*GIVEN ENTRIES*
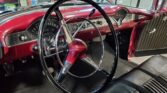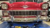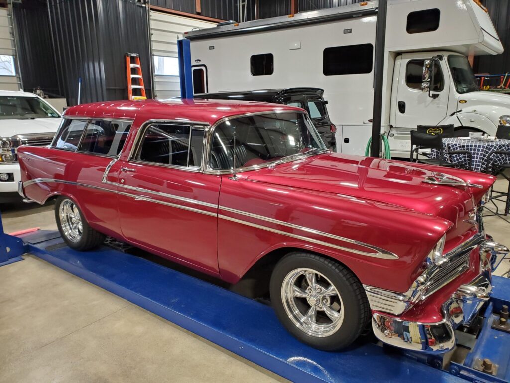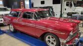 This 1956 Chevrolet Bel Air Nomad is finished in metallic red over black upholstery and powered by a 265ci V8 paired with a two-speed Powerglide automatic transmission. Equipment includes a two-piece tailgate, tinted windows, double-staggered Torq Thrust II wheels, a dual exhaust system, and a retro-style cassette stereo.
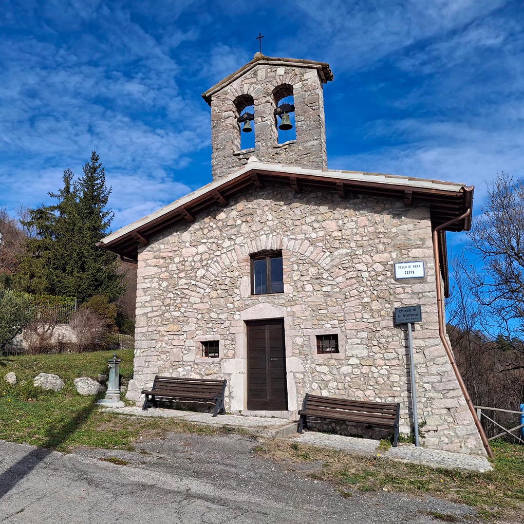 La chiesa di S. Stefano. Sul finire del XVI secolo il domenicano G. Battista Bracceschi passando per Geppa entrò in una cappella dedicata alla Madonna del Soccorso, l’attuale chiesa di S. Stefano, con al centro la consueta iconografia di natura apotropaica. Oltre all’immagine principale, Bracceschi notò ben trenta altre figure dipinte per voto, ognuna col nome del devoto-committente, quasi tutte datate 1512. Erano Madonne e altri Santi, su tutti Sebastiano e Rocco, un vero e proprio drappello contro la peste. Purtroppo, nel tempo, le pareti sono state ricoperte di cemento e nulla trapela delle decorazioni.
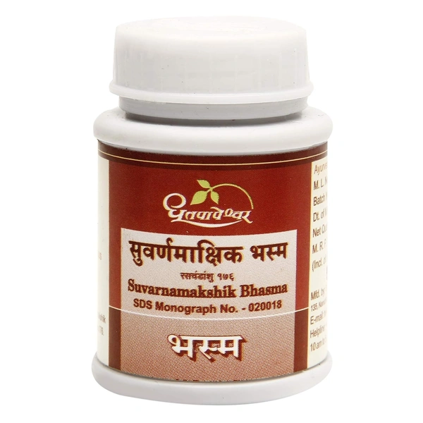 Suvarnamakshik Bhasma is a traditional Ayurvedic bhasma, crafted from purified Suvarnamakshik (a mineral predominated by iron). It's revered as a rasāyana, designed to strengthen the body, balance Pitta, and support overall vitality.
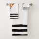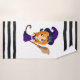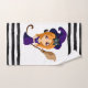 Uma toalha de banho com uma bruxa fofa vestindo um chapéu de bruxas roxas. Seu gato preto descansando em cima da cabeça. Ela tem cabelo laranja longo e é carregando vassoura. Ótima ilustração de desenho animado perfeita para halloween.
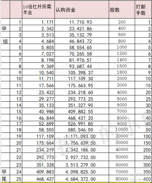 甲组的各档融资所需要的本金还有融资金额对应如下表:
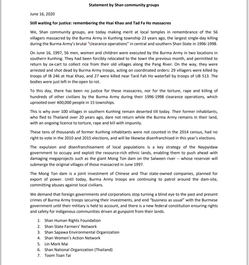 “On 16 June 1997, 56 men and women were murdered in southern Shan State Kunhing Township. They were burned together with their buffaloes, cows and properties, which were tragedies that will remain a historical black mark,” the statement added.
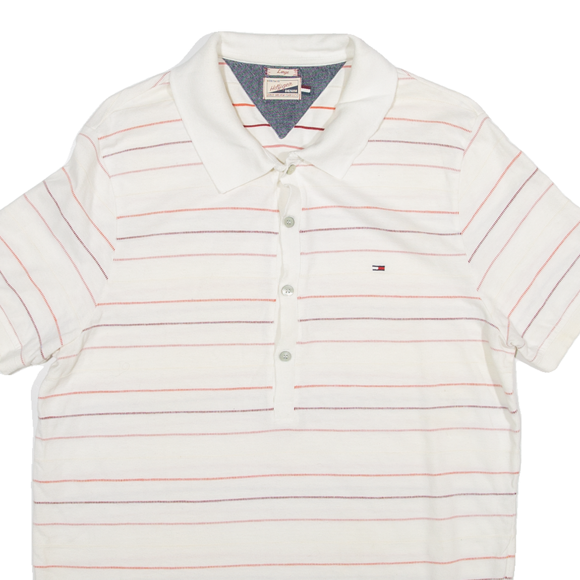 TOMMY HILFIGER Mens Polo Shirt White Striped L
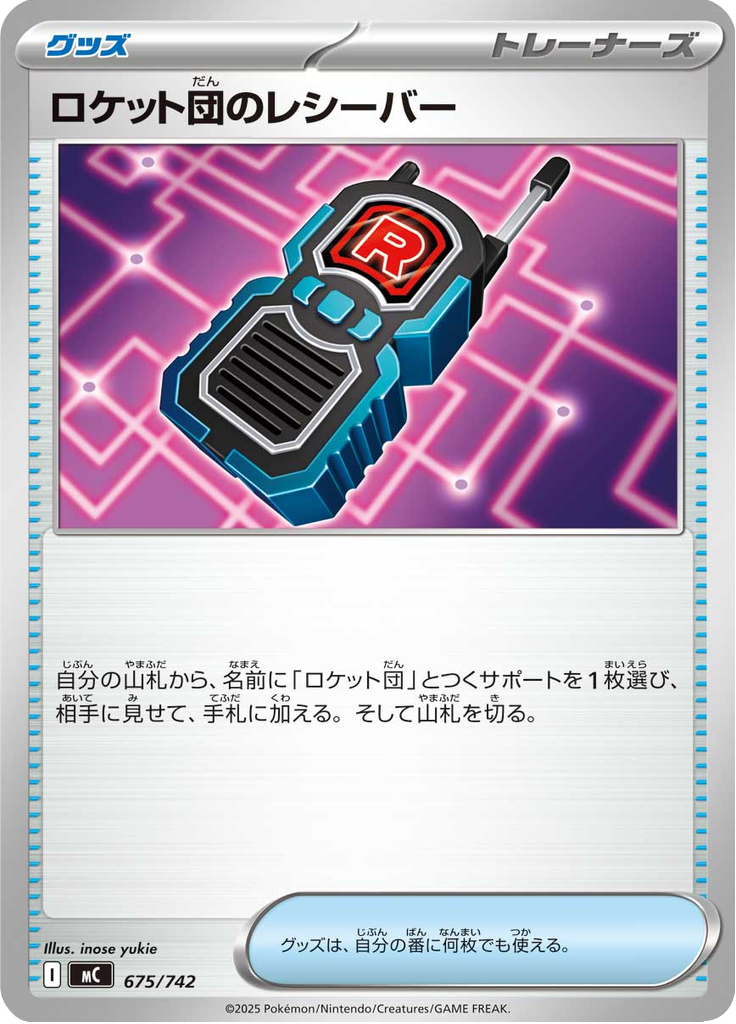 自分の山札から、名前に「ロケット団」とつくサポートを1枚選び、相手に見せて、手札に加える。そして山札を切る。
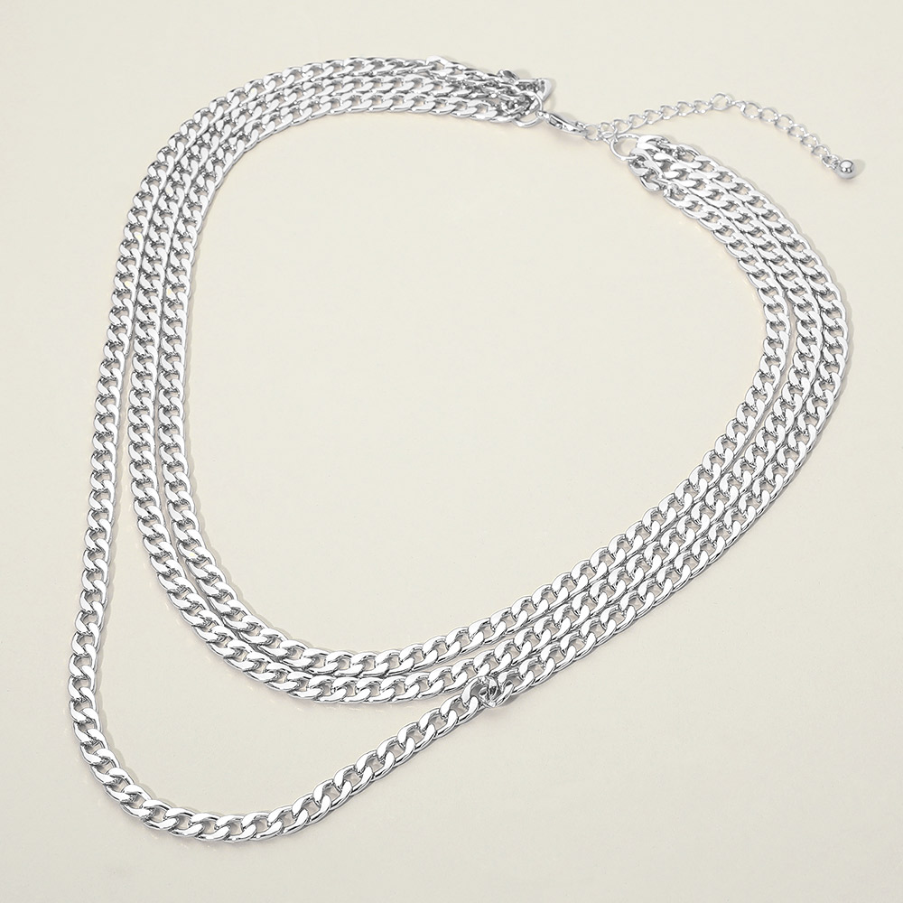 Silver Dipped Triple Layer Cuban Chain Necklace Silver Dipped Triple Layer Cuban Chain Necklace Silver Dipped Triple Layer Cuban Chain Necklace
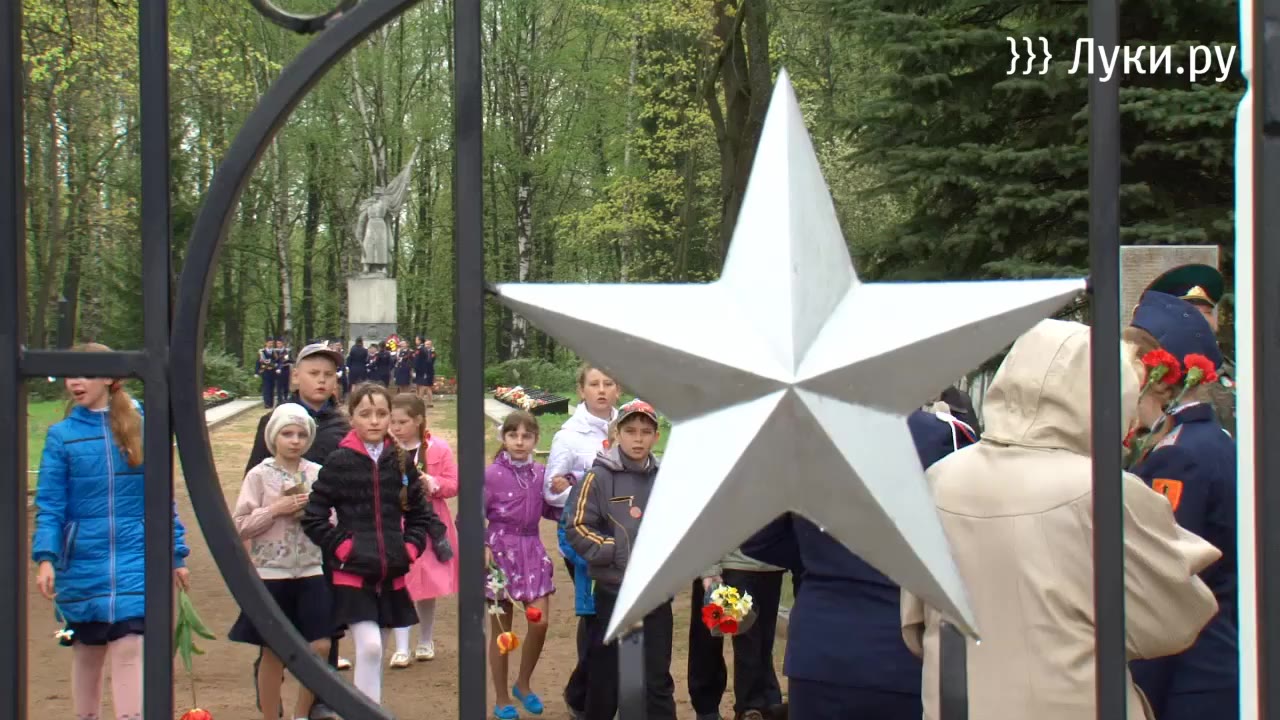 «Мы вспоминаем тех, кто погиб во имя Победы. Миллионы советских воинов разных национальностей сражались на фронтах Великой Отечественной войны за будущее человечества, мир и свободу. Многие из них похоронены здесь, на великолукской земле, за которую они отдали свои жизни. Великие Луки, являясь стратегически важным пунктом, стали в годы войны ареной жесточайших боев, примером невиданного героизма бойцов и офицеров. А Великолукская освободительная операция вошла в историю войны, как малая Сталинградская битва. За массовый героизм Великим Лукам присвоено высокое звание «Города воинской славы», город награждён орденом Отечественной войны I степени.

*WHAT IS NEEDED*
Please return, exactly as written, the lines from the first line of the records above through the line containing "La chiesa di", both included, leaving out any pictures.

*OUTPUT FOR THIS TASK*
 This 1956 Chevrolet Bel Air Nomad is finished in metallic red over black upholstery and powered by a 265ci V8 paired with a two-speed Powerglide automatic transmission. Equipment includes a two-piece tailgate, tinted windows, double-staggered Torq Thrust II wheels, a dual exhaust system, and a retro-style cassette stereo.
 La chiesa di S. Stefano. Sul finire del XVI secolo il domenicano G. Battista Bracceschi passando per Geppa entrò in una cappella dedicata alla Madonna del Soccorso, l’attuale chiesa di S. Stefano, con al centro la consueta iconografia di natura apotropaica. Oltre all’immagine principale, Bracceschi notò ben trenta altre figure dipinte per voto, ognuna col nome del devoto-committente, quasi tutte datate 1512. Erano Madonne e altri Santi, su tutti Sebastiano e Rocco, un vero e proprio drappello contro la peste. Purtroppo, nel tempo, le pareti sono state ricoperte di cemento e nulla trapela delle decorazioni.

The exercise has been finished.